Por último, el diputado novel ha pedido y recibido con frecuencia las noticias que de Antoñuelo se tienen en el lugar. Allá en el Río de la Plata adonde el cacique le obligó a que emigrase, se dedicó al comercio y prosperó mucho. Aunque nunca quiso inscribirse en el Consulado, por ahorrarse tres o cuatro duros, acudió con frecuencia a la Legación pidiendo que España reclamase diplomáticamente en su favor contra mil agravios y danos que del Gobierno argentino había recibido, y que exigiese, con amenazas de bombardeo, que dicho Gobierno le diera una indemnización muy cuantiosa. Pero ni le indemnizaron de nada ni por amor suyo hubo bombardeo, y él adquirió tan mala reputación y crédito, que consideró prudente irse a Cuba. Ya en La Habana, como es mozo gentil y de rostro blanco y sonrosado, logró cautivar el sensible corazón de una rica heredera, muy subidita de color. Casado con ella, vivió con tanta pompa y decoro, dando comidas y saraos y paseando en quitrín, acompañado de su mujer, tan ricamente vestida que parecía la reina de Saba, que se empeñó, hipotecó los predios urbanos y rústicos y acabó por tener más deudas que pelos en la cabeza.

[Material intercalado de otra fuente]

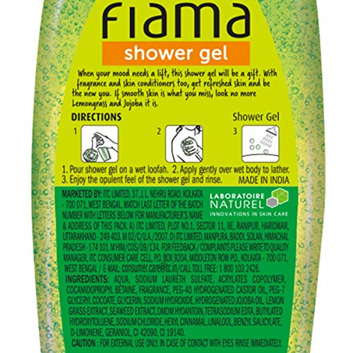 Fiama Lemongrass And Jojoba Clear Springs Shower Gel, 500Ml & Shower Gel - Lemongrass & Jojoba, Gentle Exfoliation, With Skin Conditioners, 250 Ml
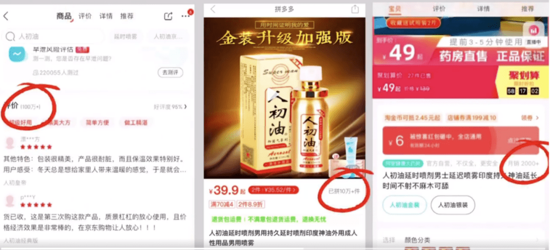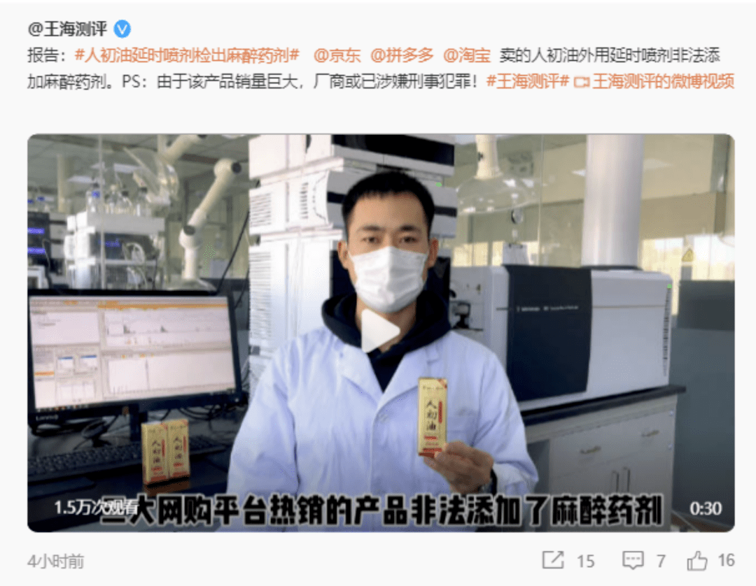微博称,王海检测在拼多多、京东和淘宝都购买了人初油外用延时剂,经检测确认该产品检出了笨佐卡因、丁卡因两种麻醉药剂,属于非法添加。由于三大网购平台的销量巨大,望该产品的出品方深圳市人初集团、深圳市人初医疗用品有限公司尽快主动赔偿消费者并向公安机关投案自首。同时,建议买到该产品的消费者尽快停止使用,并向厂家要求退赔。
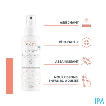 • UITDROGEND: Absorberende poeders drogen irritaties uit die vatbaar zijn voor maceratie op gezicht, lichaam en babybilletjes. • HERSTELT**: [C⁺-Restore]™, het eerste postbiotisch herstellend actief bestanddeel afkomstig van Thermaal water van Avène, bevordert het herstel van de opperhuid. • ZUIVERT: Koper- en zinksulfaten beperken het risico van bacteriële proliferatie.
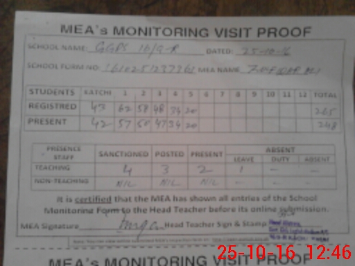 | Certified that this School was Inspected by the Undersigned MEA/DMO Today and the Information Stated Above is as Per Record. | |||||

A lo que parece, a fin de consolarle y de remediarse, se ha hecho ahora partidario de la independencia de la Perla de las Antillas, y ya sueña con ser en Cuba libre un dictador como el doctor Francia en el Paraguay o como Rosas en Buenos Aires, o un emperador como Faustino I en Haití, aunque tenga que tiznarse con hollín; ya con más modestia, forma un plan que muchas personas creen desatino, aunque tal vez no lo sea. Espera que por filibustero y laborante le secuestren los bienes, porque entonces, según dice, se irá a Nueva York, se hará ciudadano de la gran República, y, nuevo Coriolano español, obligará a su ingrata patria a darle una indemnización _di primo cartello_. Aunque tenga que ceder a los Fabricios, Cincinatos y Catones de escalera abajo y de quinta clase, que acaso haya en las orillas del Potomac, las cuatro quintas partes de lo que se extraiga a la paciente y semiforzada longanimidad de España, siempre le quedará otra quinta parte, con la cual podrá vivir como un príncipe en una magnífica casa de la Quinta Avenida. Allí brillará su morena consorte, que habla ya el idioma de Shakespeare y de Milton, como la más ilustrada _talkative_ y _funny_ inglesita.
De la fecunda zona, que al sol enamorado circunscribe el vago curso, y cuanto ser se anima en cada vario clima, acariciada de su luz, concibe.